Before you silently race around Switzerland producing zero emissions, you should ask yourself the following questions: What is the distance I need to cover? If, say, you commute 50 kilometres to work each day, an electric car of the first battery generation can manage that – even during the cold time of the year. But if you have to drive more than 100 kilometres, things could become difficult for e-cars with an older battery. Then it makes more sense to opt for a bigger and newer battery.
Is the car primarily to be charged at a wall box at home, at your employer’s or at a public charging station? The question is important because electric cars employ different charging technologies. That’s what makes them so varied in terms of flexibility of use. For instance, an e-car capable of fast charging (direct current) is ready in a relatively short time to cover a longer stretch.
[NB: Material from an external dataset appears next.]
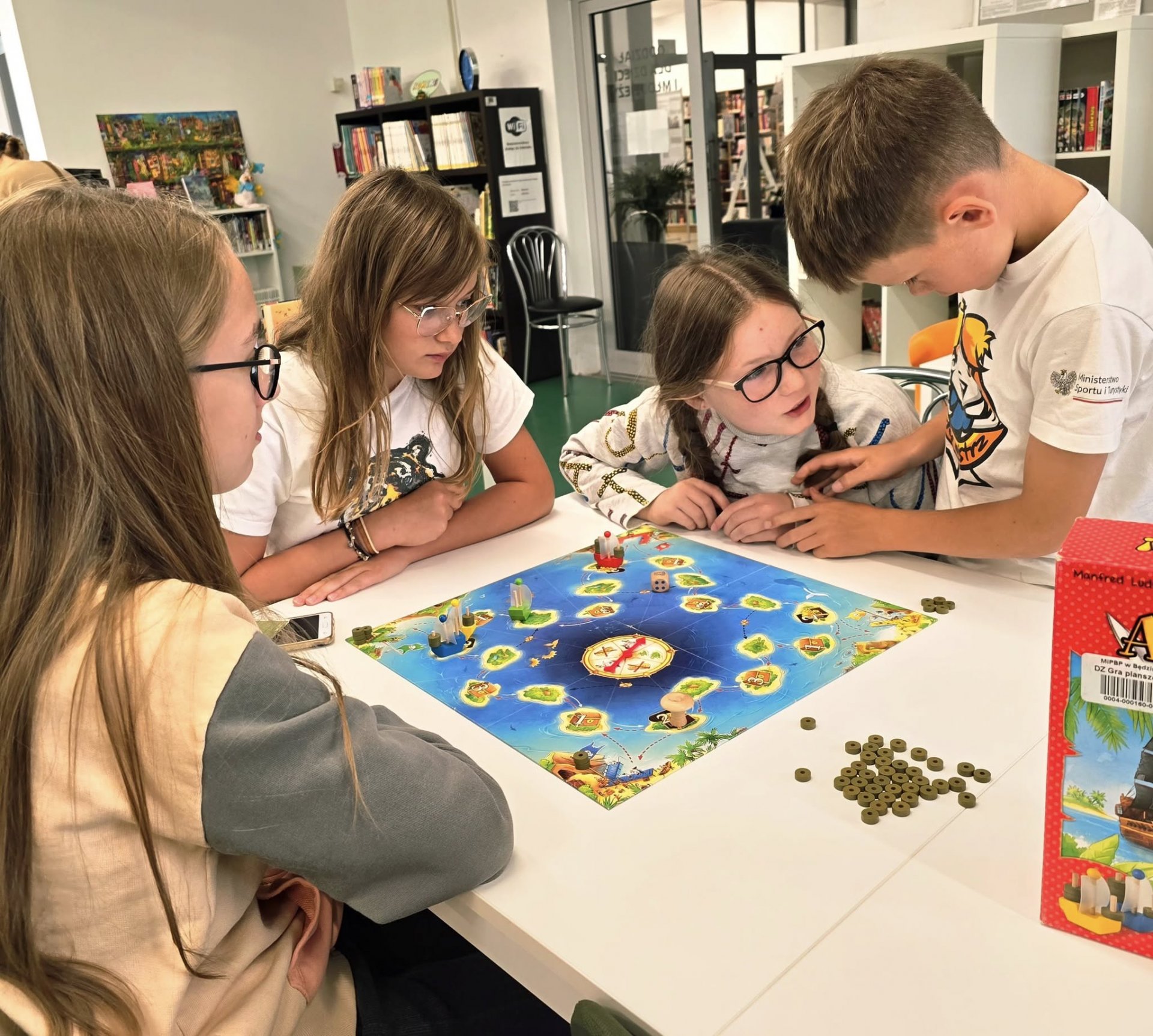 W ramach wakacyjnego maratonu przygód zabraliśmy uczestników spotkania "Gra to fajna zabawa" w pełną przygód podróż po morzach i oceanach, gdzie liczy się spostrzegawczość, refleks i - hm, kto by pomyślał - strategiczne myślenie. w trakcie podróży przez wody morza karaibskiego nastąpiła inwazja groźnych piratów, którzy po odnalezieniu ukrytych skarbów musieli sprawnie je załadować na pokład i bezpiecznie przetransportować do portu.

But if all that is available is a normal alternating current charging station, it will take a few hours or even the entire night before the e-car’s battery has enough power again for a sizeable distance. In such a case, it would make more sense to charge the vehicle at home. It is essential that you find out beforehand about the charging infrastructure in place and take note of the charging technology.
You will have guessed as much: The battery is the most expensive component of an electric car. The more charge cycles it has gone through, the more serious the ageing. Batteries can last 500 to 1000 charge cycles without a problem. And the bigger the battery, the smaller the risk that it will soon reach the end of its life. Be sure to ask about the battery’s state of health, or SOH for short.
You should also insist on seeing the test logs and the service booklet. Garages subject the battery to a thorough inspection whenever they do maintenance and service work. The utmost caution is advised if the salesperson is unable to show a log. Another tip: When buying a battery, check whether it is still under guarantee, and if so, for how much longer. What are the terms of guarantee and can you live with having to waive guarantee claims?
Don’t be taken in by the manufacturer’s distance specifications. The distance capacity decreases as the battery ages. What’s more, battery performance depends on a number of factors such as driving behaviour, outside temperature or the use of heating or air-conditioning. In winter, for example, a distance capacity of 200 kilometres can quickly turn into just 100 kilometres. Ask the salesperson for figures based on their experience.
An electric car has much fewer expendable parts than a conventional car with an internal combustion engine. It would be a pointless exercise to look for spark plugs, cambelts or an exhaust pipe in an e-vehicle. But pay attention to the brakes. E-car brakes are sometimes more susceptible to rust than is the case with normal vehicles. Why? A lot of e-car drivers tend to accelerate and brake with the gas pedal, neglecting to use the actual brakes. This allows energy to flow back into the battery, a phenomenon referred to in technical jargon as “recuperation”. As a general rule, you should check the overall condition of the used e-car and take it for a test drive where possible. And if necessary, have the car assessed by a specialist before making a purchase.